葉と光の二人は、白竜のヌンチャクを刀でガードした。

 

「バカな事を、白竜に勝つのは不可能だって、まだわからないの?」

 

「わかんないさ、最後までやってみなきゃ!」

 

「ここまで来て、今更諦める訳ねぇだろ」

 

葉は白竜の上から、光は下から、白竜の顔の札を狙い刀を構える。

 

ドスッ!

 

「ぐあっ」

 

ガッ!

 

「ガァッ!」

 

白竜は、葉に膝蹴りを入れると、その体制のまま回転し、回し蹴りで光を吹き飛ばす。

 

「だから不可能だって言ったでしょう?我が李白竜にとってその間合いは絶対の領域なのよ」

 

「なら、間合いの外から攻撃するだけだ!」

 

PHANTOM DIVE(ファントム ダイブ)!!」

 

光は指に刀を挟み、刀を地面に振り下ろし、衝撃波を走らせる。

 

シュバッ!

 

「!」

 

白竜は衝撃波が自分に当たる前に飛び上がると、光の真上から踵落としをくらわせた。

 

「うぐっ」

 

シュウウゥ…

 

「なっ!」

 

「光くんの刀が!」

 

光の持っていた刀が、全て煙となって消えてしまった。

 

『すまねぇ、光、power切れだ』

 

「くそっ、わかってはいたけど、やっぱり巫力だけで刀を具現化するのは消耗が激しすぎるな、今のオレに長期戦は無理か」

 

ドゴォ!

 

「ぐああっ!」

 

巫力が尽き無防備になった光を、白竜は殴り飛ばす。

 

(さーて…どーすっかな…)

 

 

 

一方、麻倉家で光達の帰りを待つ、双葉と福は机に出されたお茶を飲みながらただ二人してテレビを観ていた。

 

(遅いですね)

 

 

(ねぇ、慶次)

 

『うん?どーした福』

 

(何か物凄く気まずいんですけど…何か喋った方がいいのかな?)

 

『そりゃそうでしょ!好きになったんなら自分から積極的に行くべきってものだ!』

 

(あまりハッキリ言わないでよ!聞こえたらどーすんのさ!)

 

双葉は黙っていたが、二人の会話は全て筒抜けになっていた。

 

(聞こえてるんですよねぇ、残念ながら)

 

(まぁそんなことはどーでもいいです。
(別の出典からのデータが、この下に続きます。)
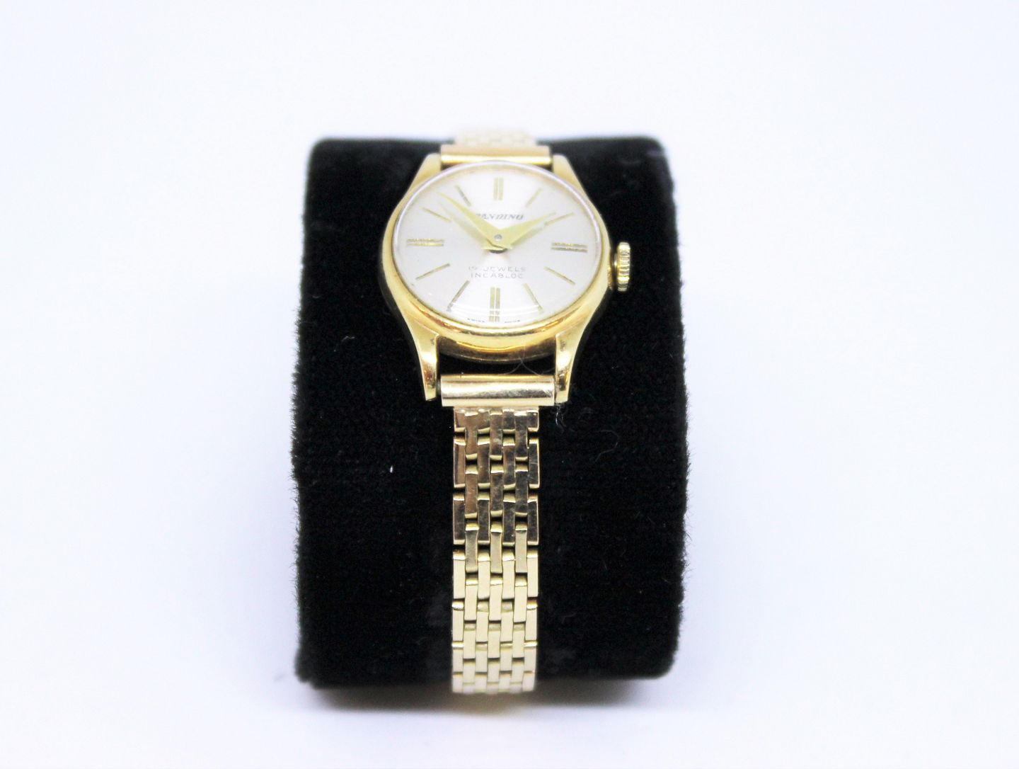 Candino wrist watch, case of 18 ct. gold and chain with 7 rows of 14 ct. gold. The watch is swiss made and chain is stamped SEJ.

お客様をこれだけ長い時間待たせた光さんには、帰ってきたらたっぷりとお仕置きしてあげましょう)

 

「フフフフフフ」

 

「ねぇ、慶次、双葉さんから何か出てない?」

 

『奇遇だねぇ、オレもそう見える』

 

双葉からどす黒いオーラを感じ取った福と慶次は、少しだけ双葉の裏の顔を見てしまったような気がした。




双葉の本性を感じ取った二人でした。